As a general conclusion: Yeah it may be that those problems were existent, but MongoDB did much in this direction and further I doubt that other DBMS never had the one or other problem itself. Just take traditional relational dbms, would those scale well to web-scale there would be no need for Systems like MongoDB, HBase and what else.
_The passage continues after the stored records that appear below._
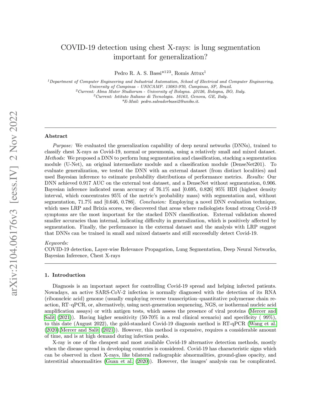 Purpose: we evaluated the generalization capability of deep neural networks (DNNs), trained to classify chest X-rays as Covid-19, normal or pneumonia, using a relatively small and mixed dataset. Methods: we proposed a DNN to perform lung segmentation and classification, stacking a segmentation module (U-Net), an original intermediate module and a classification module (DenseNet201). To evaluate generalization, we tested the DNN with an external dataset (from distinct localities) and used Bayesian inference to estimate probability distributions of performance metrics. Results: our DNN achieved 0.917 AUC on the external test dataset, and a DenseNet without segmentation, 0.906. Bayesian inference indicated mean accuracy of 76.1% and [0.695, 0.826] 95% HDI (highest density interval, which concentrates 95% of the metric's probability mass) with segmentation and, without segmentation, 71.7% and [0.646, 0.786]. Conclusion: employing a novel DNN evaluation technique, which uses LRP and Brixia scores, we discovered that areas where radiologists found strong Covid-19 symptoms are the most important for the stacked DNN classification. External validation showed smaller accuracies than internal, indicating difficulty in generalization, which is positively affected by segmentation. Finally, the performance in the external dataset and the analysis with LRP suggest that DNNs can be trained in small and mixed datasets and still successfully detect Covid-19.
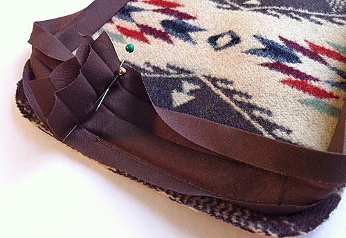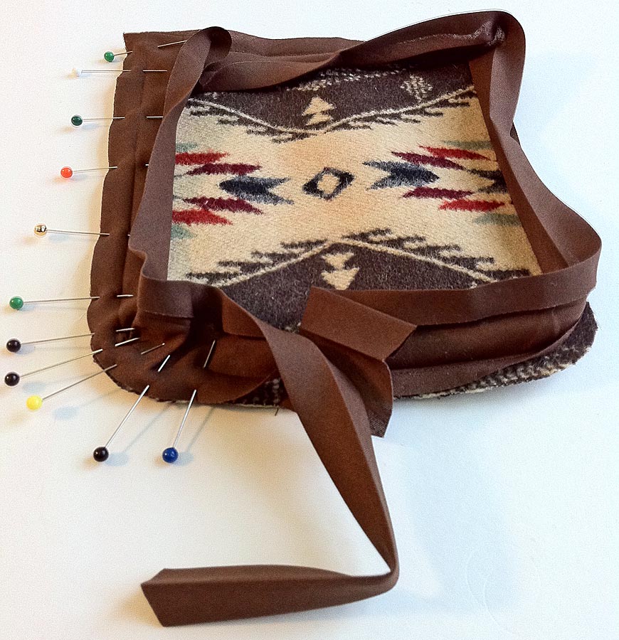 - Start pinning at the center point along the bottom (the curved side). Leave about 2″ loose at the head and start your pinning a bit to the left of the actual center point. This is because you will be folding the piece exactly in half and don’t want the bulk of your bias tape overlap right on that fold.
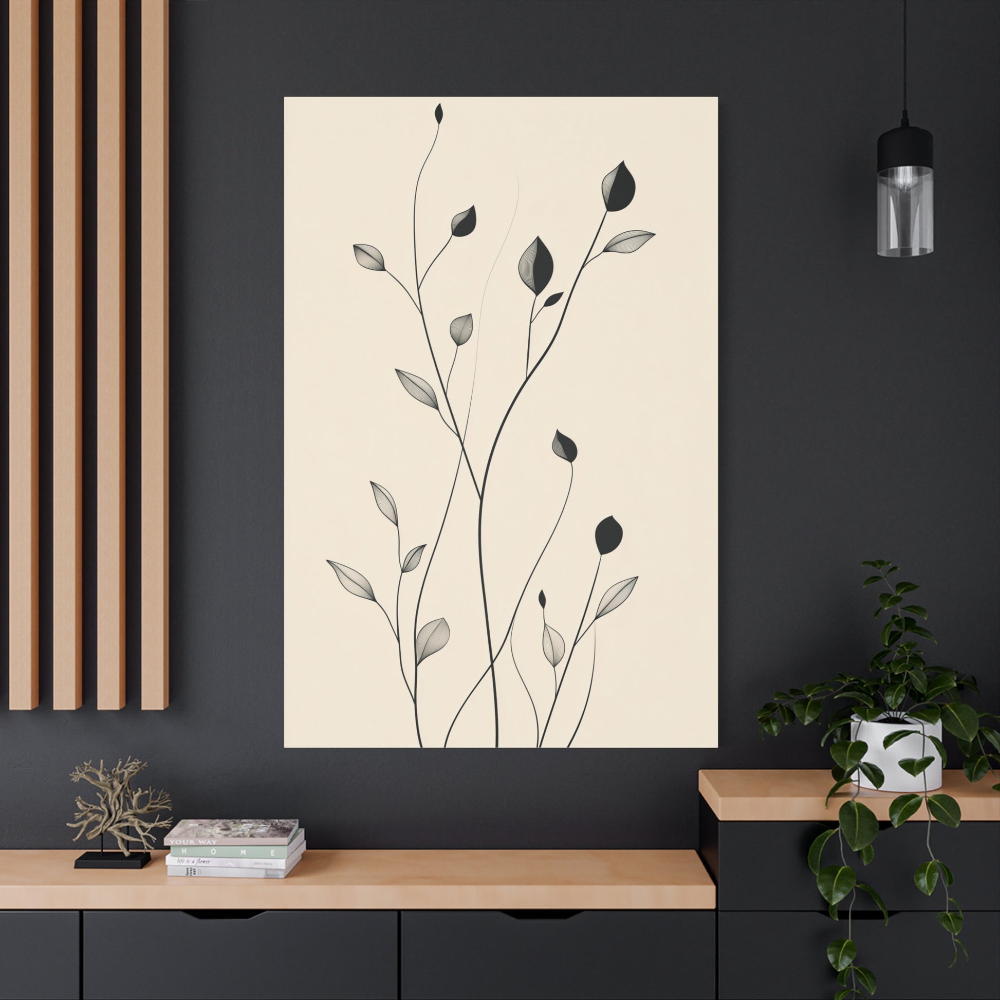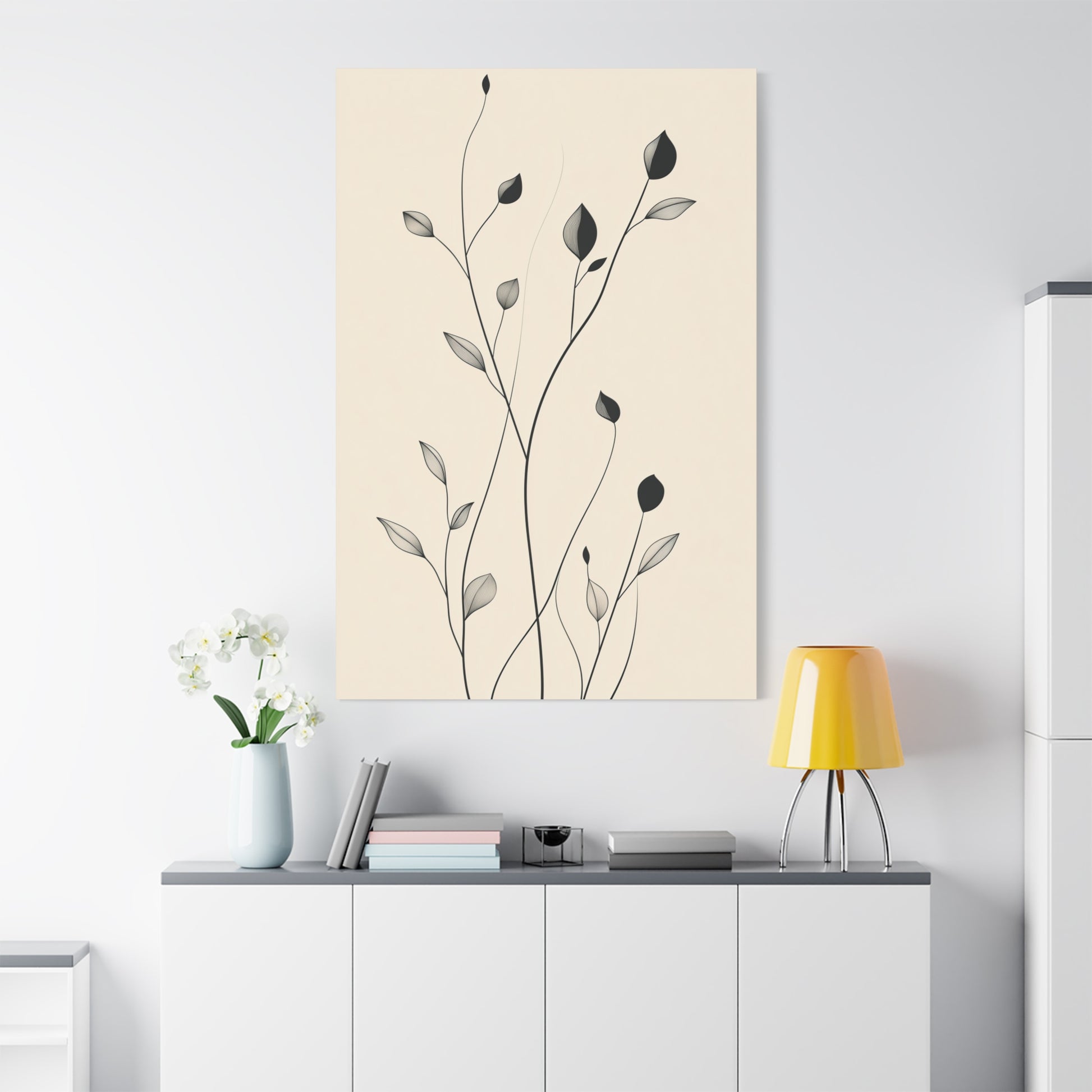 Bring a touch of organic elegance to your space with this minimalist botanical line art canvas, featuring delicate black ink-style branches and leaves against a soft beige backdrop. The refined composition embodies Scandinavian, Japandi, and modern aesthetics, creating a timeless and serene ambiance.
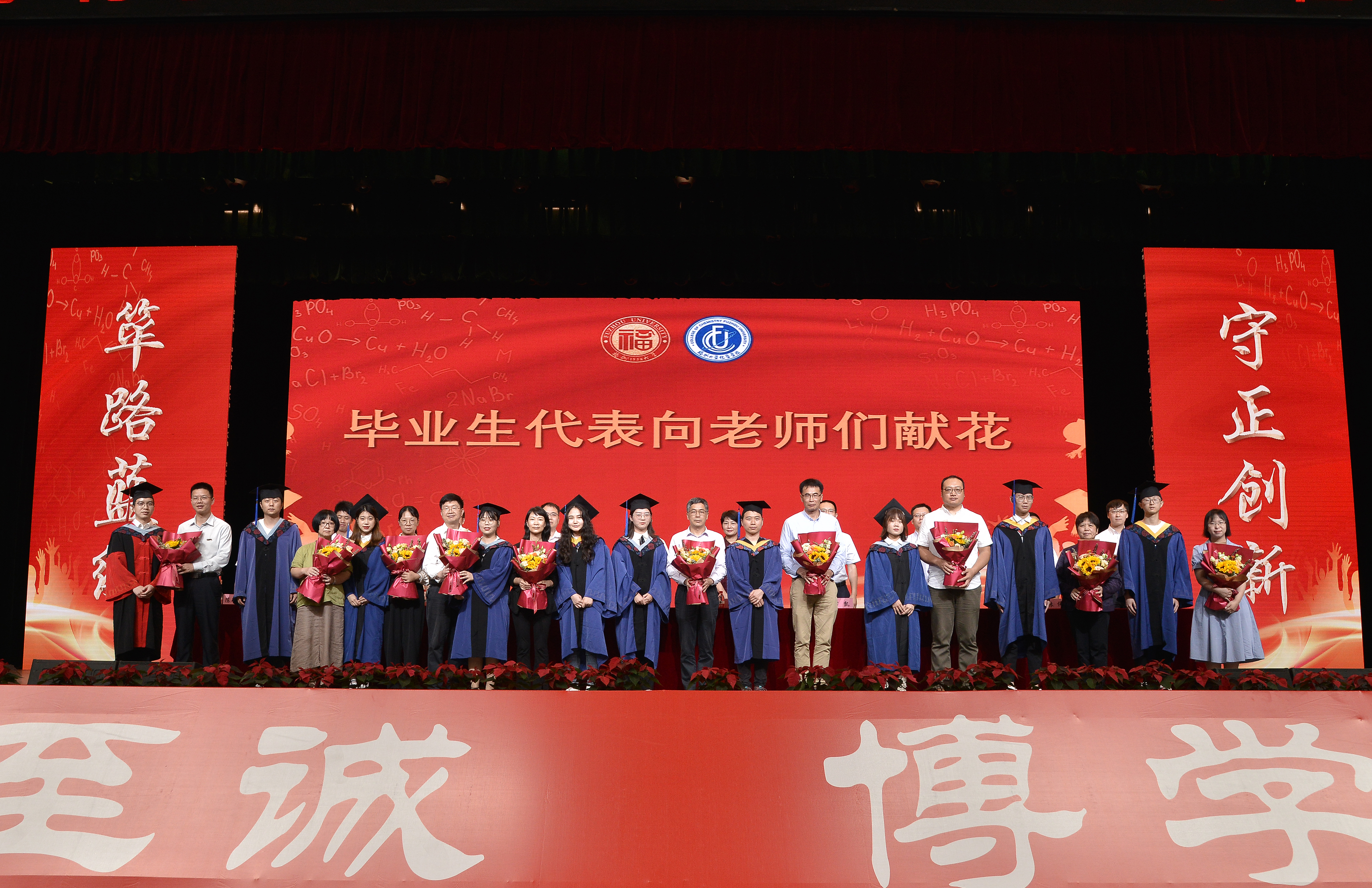 的求学路上,师长的谆谆教导让同学们在感悟中成长,在收获中进步。随后,毕业生代表登台为教师代表献上绚丽的鲜花,表达对老师们的感恩之情。
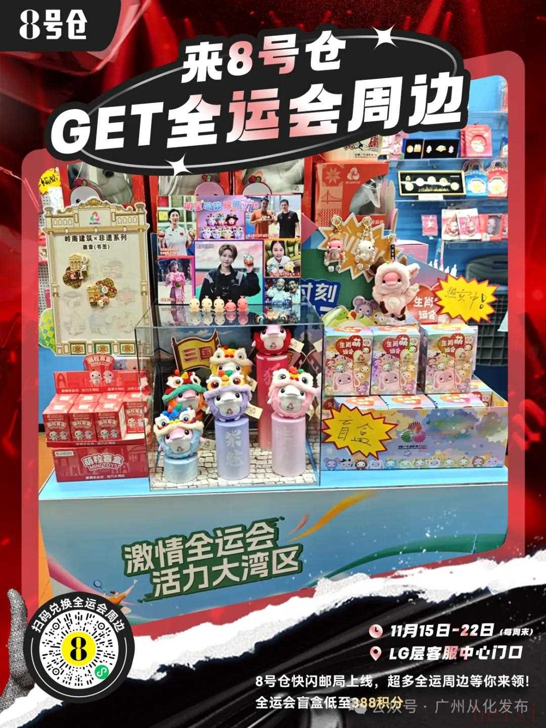 ✅ 全运会快闪邮局:11月15日-11月22日每周末13:00-20:30,LG层游客服务中心门口设有快闪邮局,积分就能兑换全运会周边,把运动活力带回家!
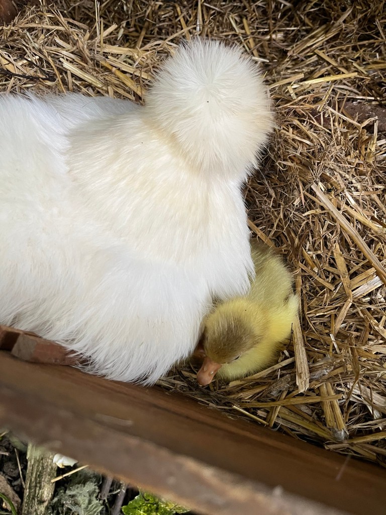 May 31, 2024 by gfreedman2013 Granddaughter called this “the miracle of life” Two goslings hatched overnight under a Silkie hen who sat in the eggs for 35 days There’s one more egg there. Mother will continue to sit on the egg and the goslings keeping the little ones warm Share this: Share on X (Opens in new window) X Share on Facebook (Opens in new window) Facebook Like Loading... Related
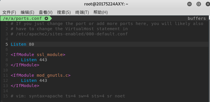 由于要将钓鱼网站挂在本机的http服务下,所以需要将SET工具的访问端口改为默认的80端口。使用sudo vi /etc/apache2/ports.conf命令修改Apache的端口文件,将端口改为80,如下图所示
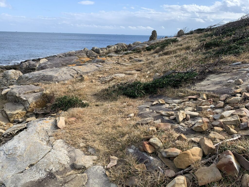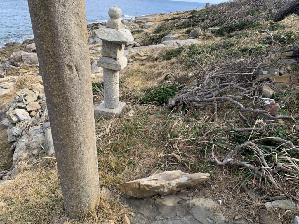 近くに豊砲台跡があり訪ねようとしましたが砲台跡への道が通行止めとなっていました。自動車だけかと思い確認しましたが歩行者も通行止め、解除の情報もないようなので已む無く残念、五根緒の石塔を目指します。こちらは案内標識等はなくなかなかたどり着けずたまたま通りかかった地元の方に教えていただきたどり着けました。
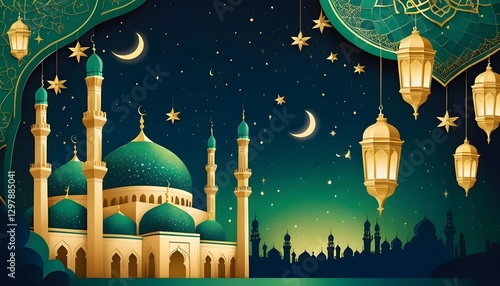 mosque, islam, ramadan, night, lantern, crescent moon, star, glowing, architecture, building, religion, culture, celebration, holy, faith, spiritual, traditional, background, design, art, illustration, graphic, digital artwork, vector, eid, muslim, arabic, middle east, oriental, decorative, ornamental, pattern, silhouette, greeting card, poster, banner, website, holiday, festive
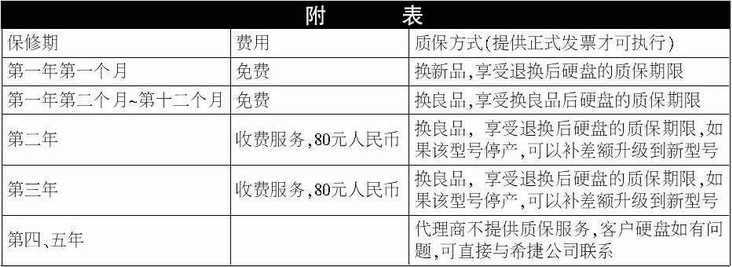 同时雷射提供了非常详细的希捷硬盘5年质保条例文档。(见附表)
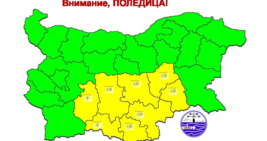 НИМХ издаде жълт код за валежи и поледици в 8 области
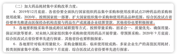 2020年,按照國家統(tǒng)一部署,擴大國家組織集中采購和使用藥品品種范圍。綜合醫(yī)改試點省份要率先推進由醫(yī)保經(jīng)辦機構直接與藥品生產(chǎn)或流通企業(yè)結算貨款,其他省份也要積極探索。
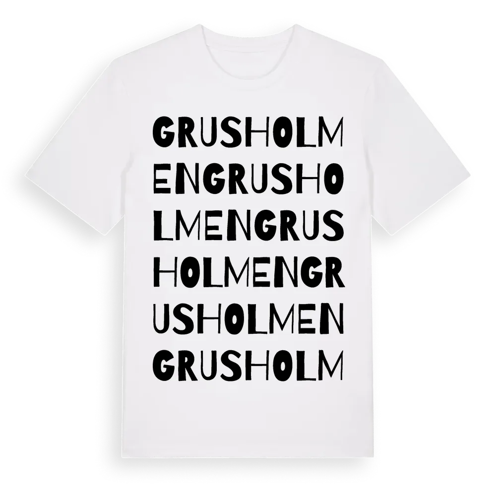 Grusholmen ordlek t-shirt är inspirerad av Grusholmen i Uppsala län, Sverige. Tröjan är designad för dig som har en speciell koppling till platsen – oavsett om du bor här, har rötterna här eller bara älskar Grusholmen.
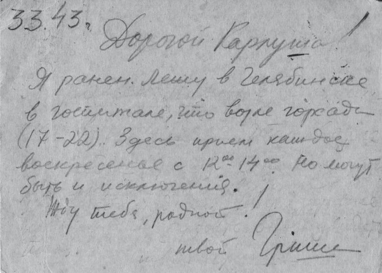 Дядя Гриша Чухрай был, наверно, самым близким другом отца по школе и по жизни. «Иринка» – его молодая жена, с ней он прожил всю жизнь. Во время войны он был десантником. Смешно сказать, но в 1943 Чухрай попал вдруг в Челябинск. Там они неожиданно встретились. Война как разводила людей, так и сводила. У меня сохранилась открытка от Чухрая папе.
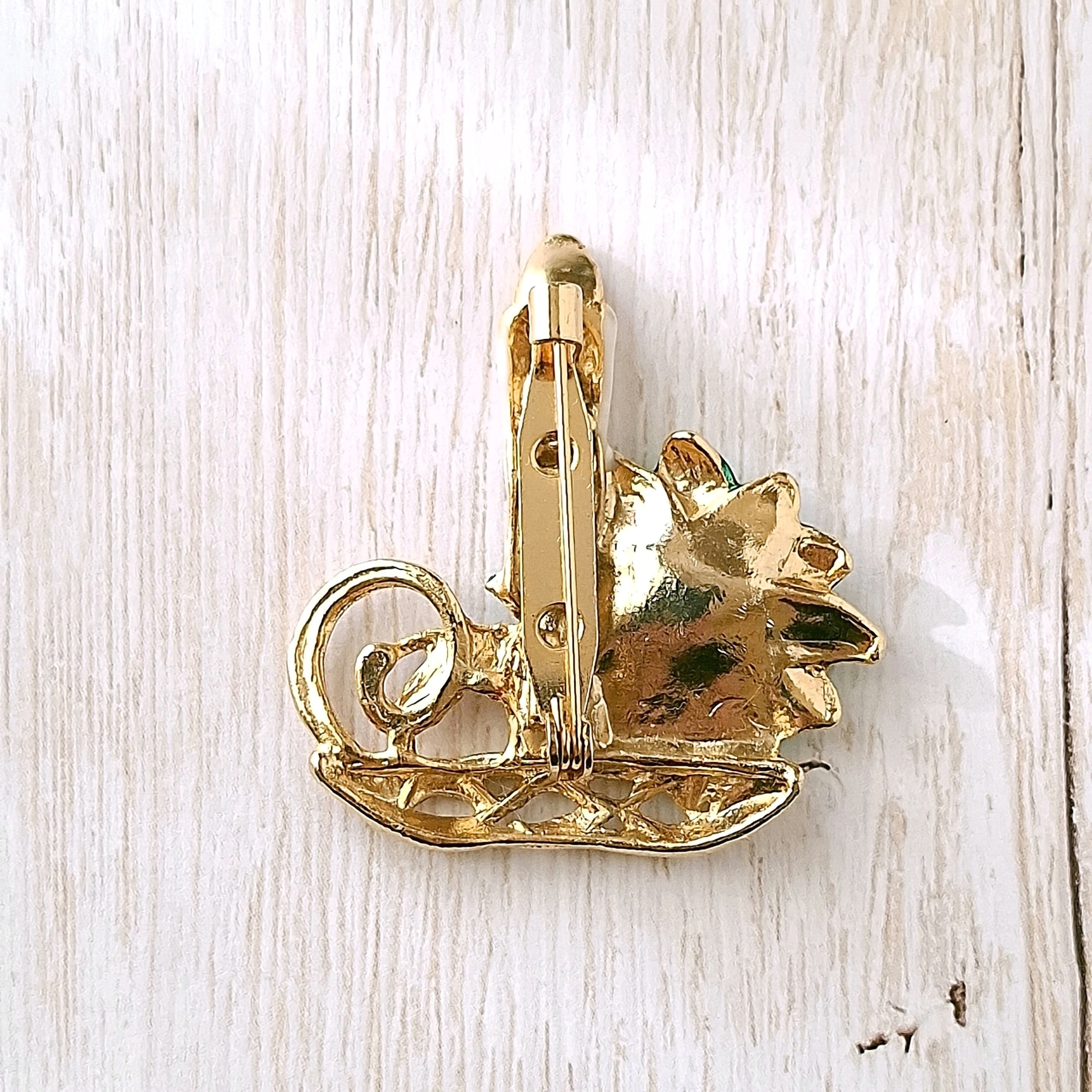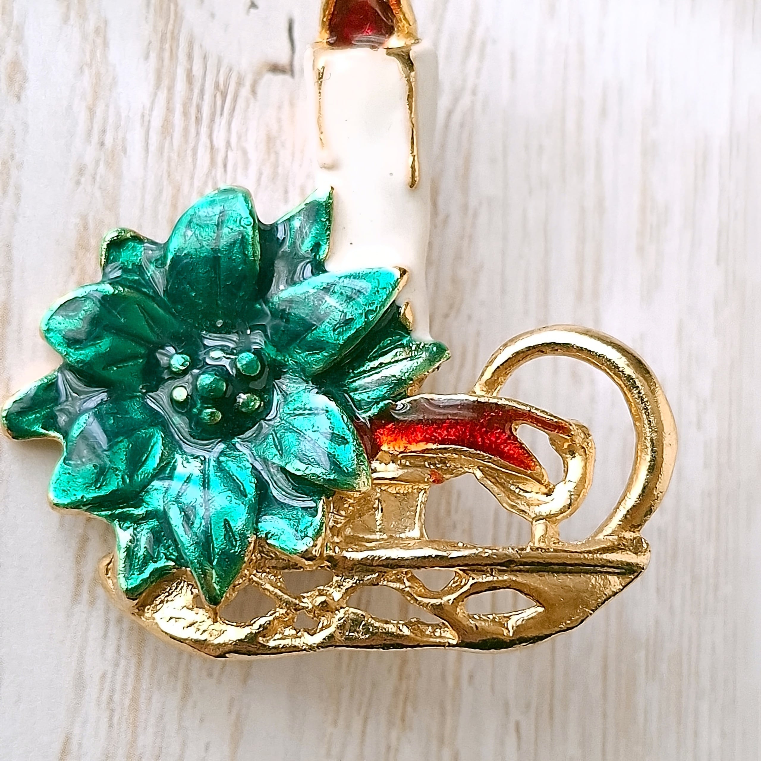 グリーンのポインセチアが添えられたクリスマスキャンドルのヴィンテージブローチです。

You can't get a system which fits all needs. So you have to live with the downsides of one or try to build a combined system of multiple to get what you need.

作为一般结论:是的,这些问题可能是存在的,但是 MongoDB 在这个方向上做了很多工作,而且我进一步怀疑其他 DBMS 本身从未遇到过一个或其他问题。仅采用传统的关系型数据库管理系统,这些数据库是否可以很好地扩展到网络规模,而无需像 MongoDB、HBase 等系统。您无法获得满足所有需求的系统。因此,您必须忍受一个的缺点,或者尝试构建多个组合的系统来获得您需要的东西。

Disclaimer: I'm not affiliated with MongoDB or 10gen, I'm just working with MongoDB and telling my opinion about it.

免责声明:我不隶属于 MongoDB 或 10gen,我只是与 MongoDB 合作并说出我的看法。